Technicium-99m has a half-life of 6.00 hours? plot the decay of 800. g of technicium-99m for 5 half-lives

I don't understand how to graph or answer the question

1 Answer
May 10, 2018

For #g#:
#800e^(-xln(2)/6),x in[0,30]#
graph{800e^(-xln(2)/6) [0, 30, -100, 1000]}

or

For #kg#:
#0.8e^(-xln(2)/6),x in[0,30]#
graph{0.8e^(-xln(2)/6) [0, 30, -0.1, 1]}

Explanation:

The exponential decay equation for a substance is:
#N=N_0e^(-lambdat)#, where:

  • #N# = number of particles present (though mass can be used too)
  • #N_0# = number of particles at the start
  • #lambda# = decay constant (#ln(2)/t_(1/2)#) (#s^-1#)
  • #t# = time (#s#)

To make things easier, we will keep the half life in terms of hours, while plotting time in hours. It doesn't really matter what unit you use as long as #t# and #t_(1/2)# are both using the same units of time, in this case it is hours.
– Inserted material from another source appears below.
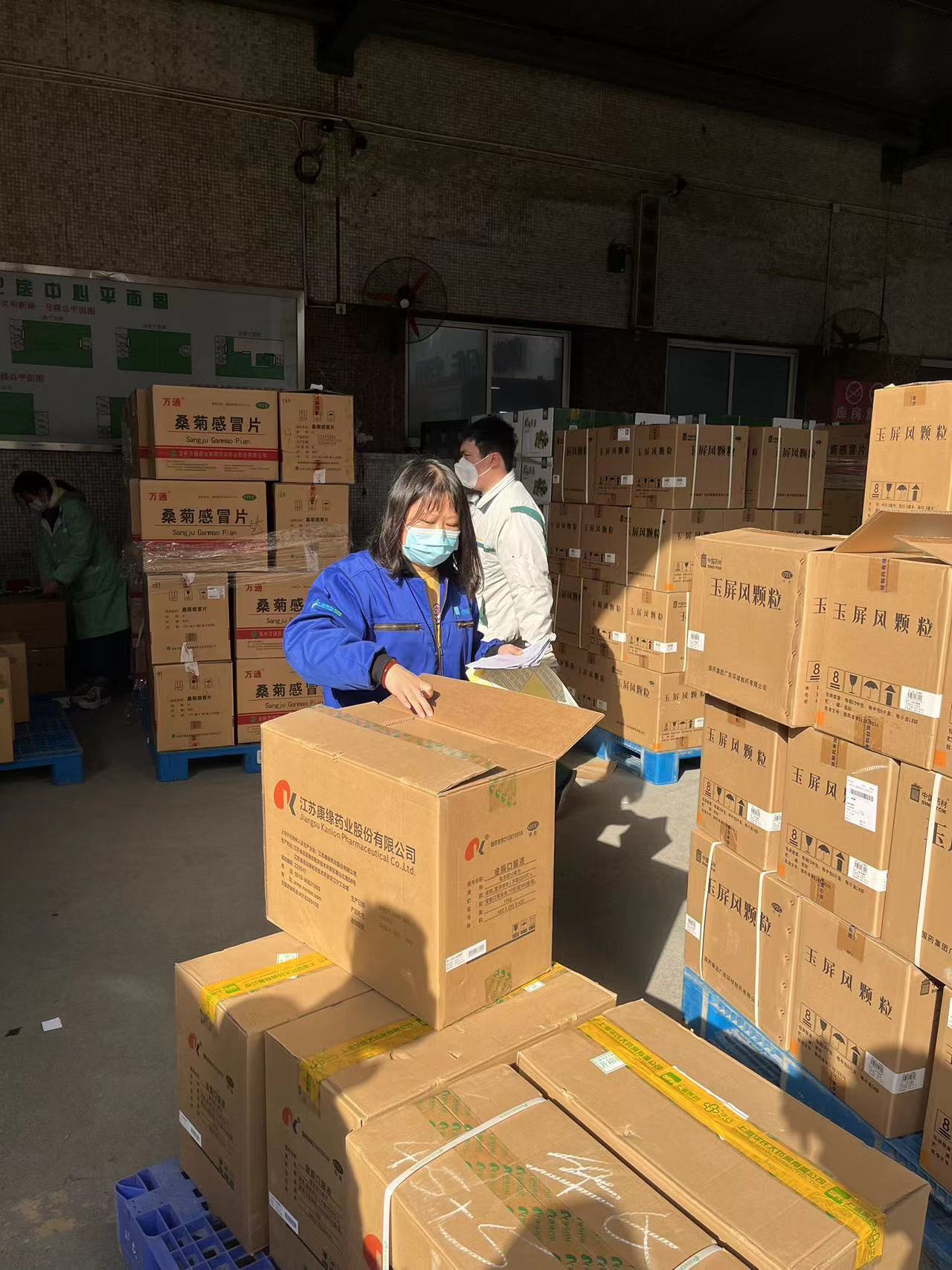 在优化疫情防控措施出台后,治疗感冒和发烧的药物成为市民争相购买的对象。从上周开始,沪上各大药房对于此类药物的订单就呈现激增状态。今天下午,记者来到位于柳营路517号的华氏易美健大药房,发现清热解毒类药物的玻璃柜内已经空空如也。而桌面上也仅放着零散的几盒小儿感冒颗粒和川贝枇杷膏等。在该药房的背后,便是供应上海480余家华氏大药房以及部分社会药房药物的仓库。记者随即在工作人员的陪同下进入仓库探访。从上周开始,该仓库便开启了早6点到晚12点的“白加黑”模式。整个仓库的员工连轴转不停歇,为的就是尽最大可能满足市民的购药需求。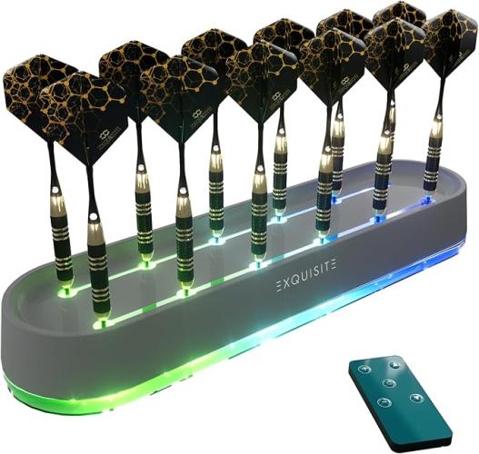 Ongeopend, ok, CC-EXQUISITE Darthouder - Grijs - Desktop RGB LED-display met afstandsbediening en aanpasbare verlichting Darts, standaard voor stalen en zachte punten, kan tot 12 darts bevatten, B0CNL22WB8

So, #N_0=800g# (or #0.8kg#)
#t_(1/2)=6.00# #"hours"#
#t=30# #"hours"# (since 5 half-lives would be 30 hours)

So, plot a graph of #y=800e^(-xln(2)/6),x in[0,30]# if you are using grams or #y=0.8e^(-xln(2)/6),x in[0,30]# if you are using kilograms. the graph would be mass (g or kg) against time (hours).

If you made to draw it, then plot several values of #y# for different values of #x#.